(GIVEN MATERIAL Opens)

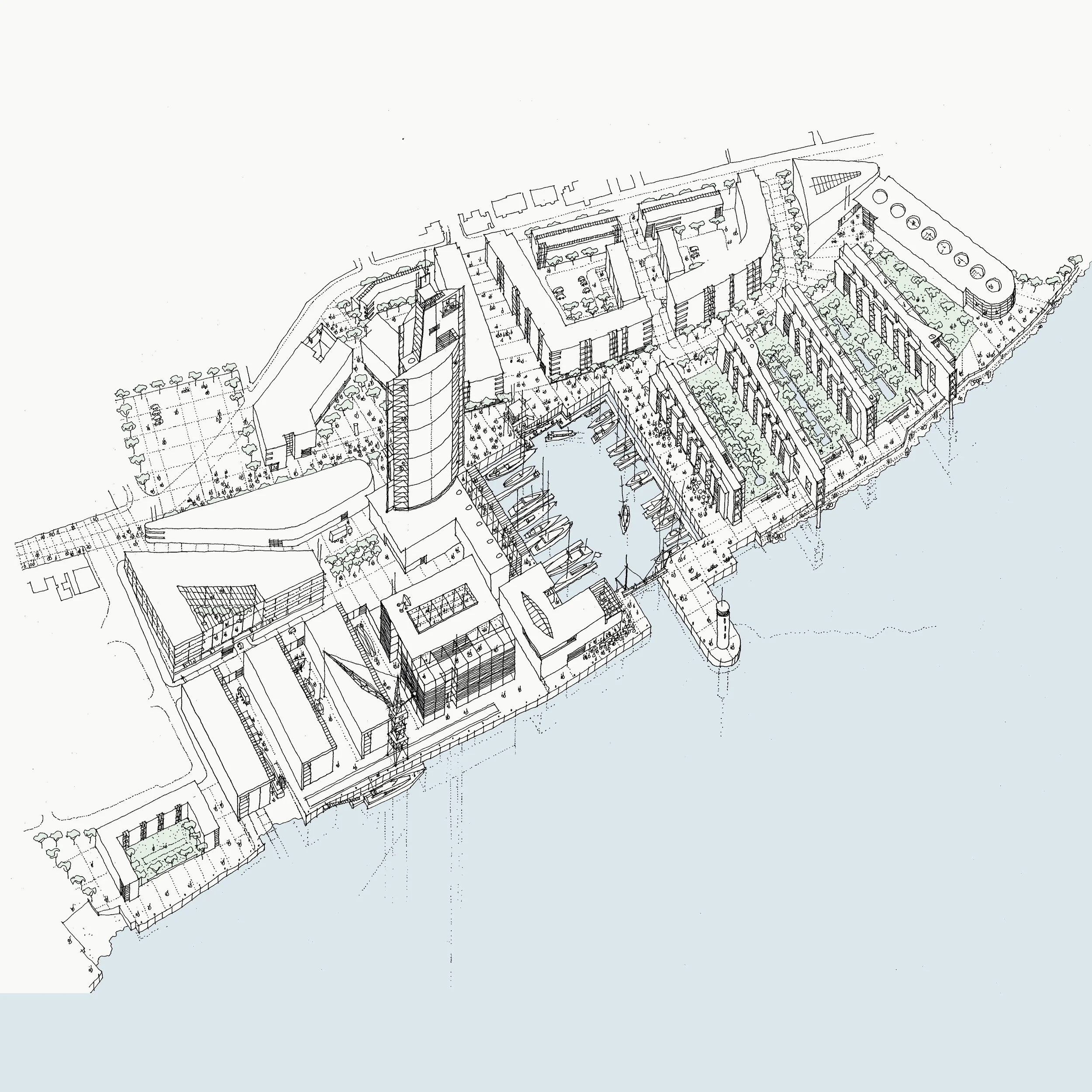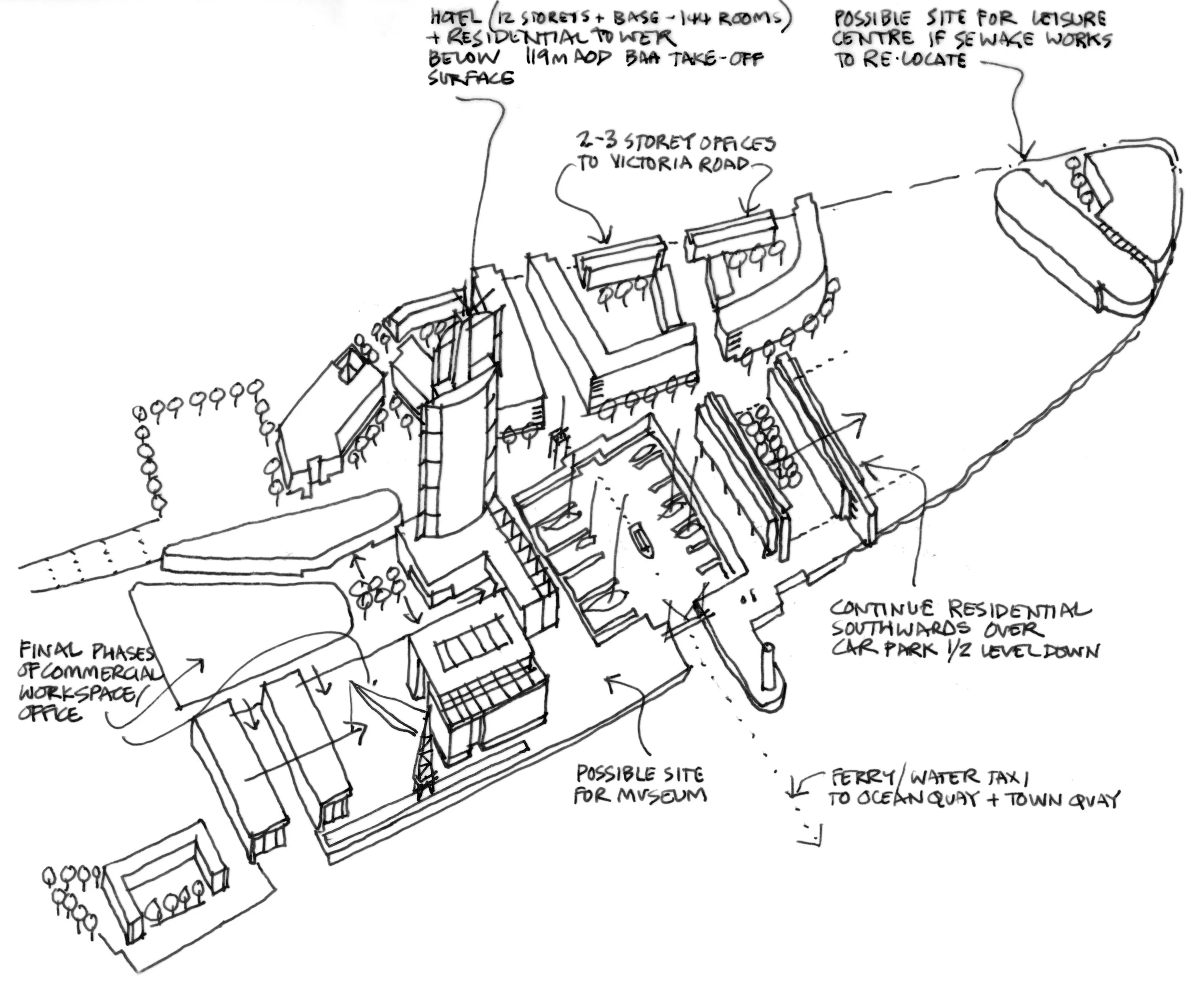 The proposals respond to the brief in providing residential, commercial, hotel, retail, leisure and marine based industrial accommodation. The Fit Out Trades Complex building is retained and reused in a first phase which includes the creation of the new big boat marina. The 32 story hotel and residential tower created an iconic landmark for the development, with smaller residential blocks responding directly to the waterfront location; 75% of the apartments have views of the River Itchen.
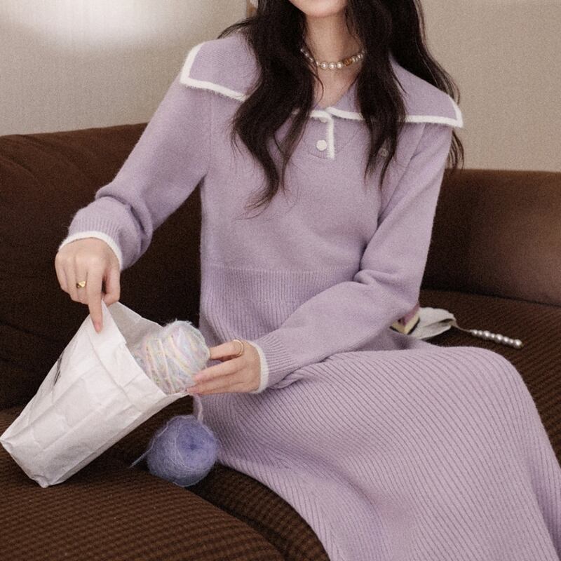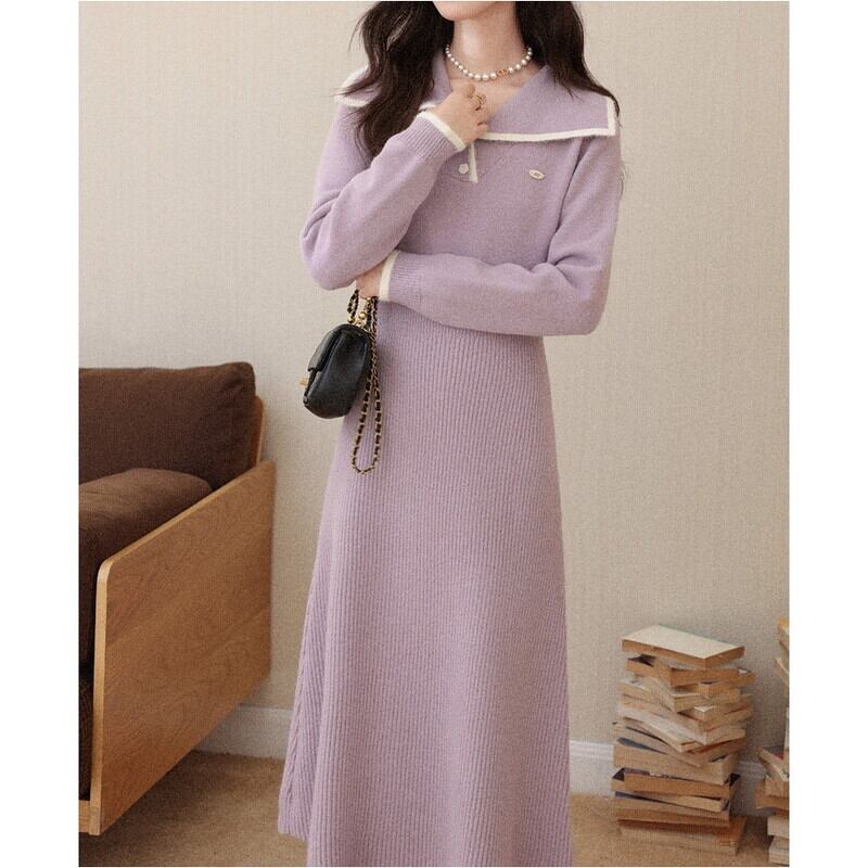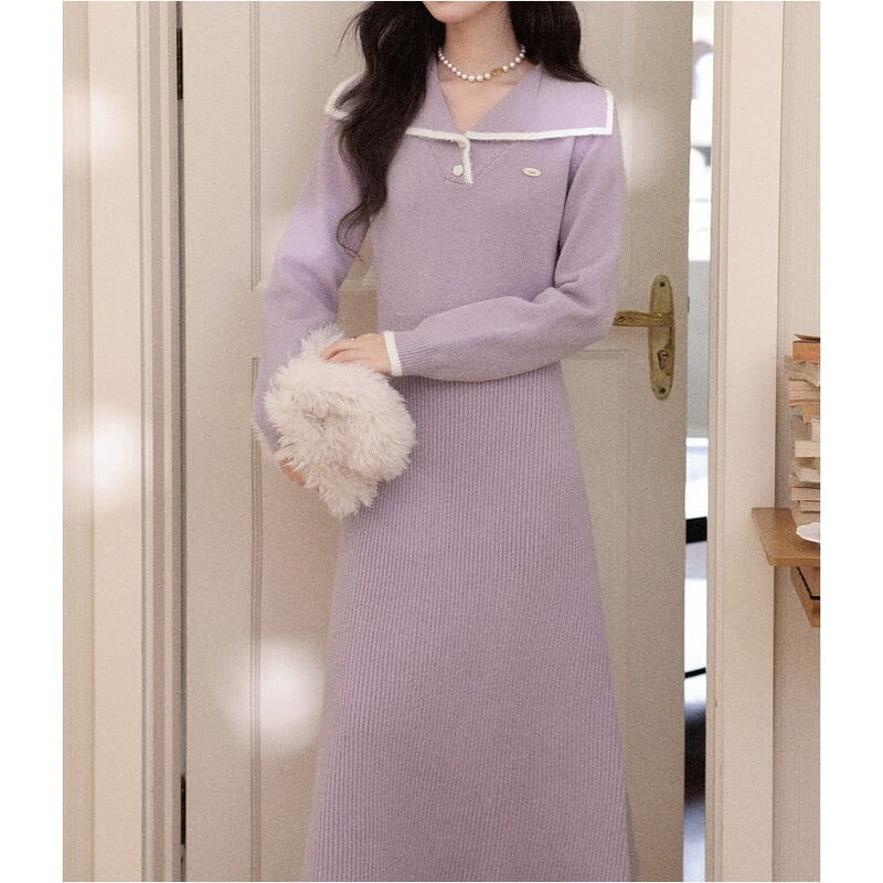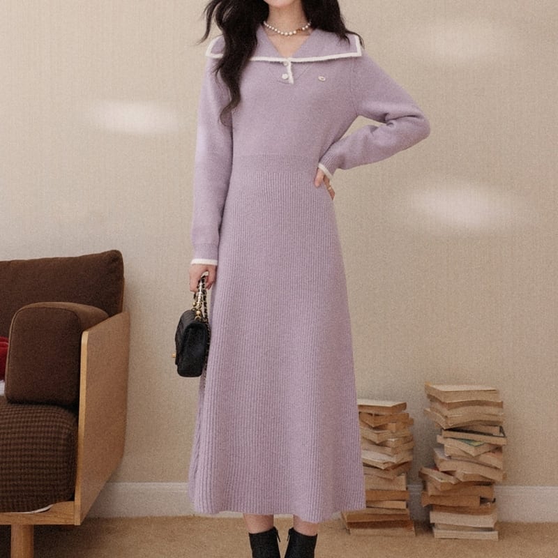 セーラーカラー リブニット切り替え ミモレワンピース 00422
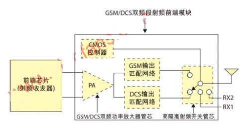 圖1 GSM/DCS雙頻段射頻前端模塊示意圖。

(GIVEN MATERIAL Closes)

REQUIRED WORK:
Output the listing above exactly, excluding all pictures.

SOLUTION:
 The proposals respond to the brief in providing residential, commercial, hotel, retail, leisure and marine based industrial accommodation. The Fit Out Trades Complex building is retained and reused in a first phase which includes the creation of the new big boat marina. The 32 story hotel and residential tower created an iconic landmark for the development, with smaller residential blocks responding directly to the waterfront location; 75% of the apartments have views of the River Itchen.
 セーラーカラー リブニット切り替え ミモレワンピース 00422
 圖1 GSM/DCS雙頻段射頻前端模塊示意圖。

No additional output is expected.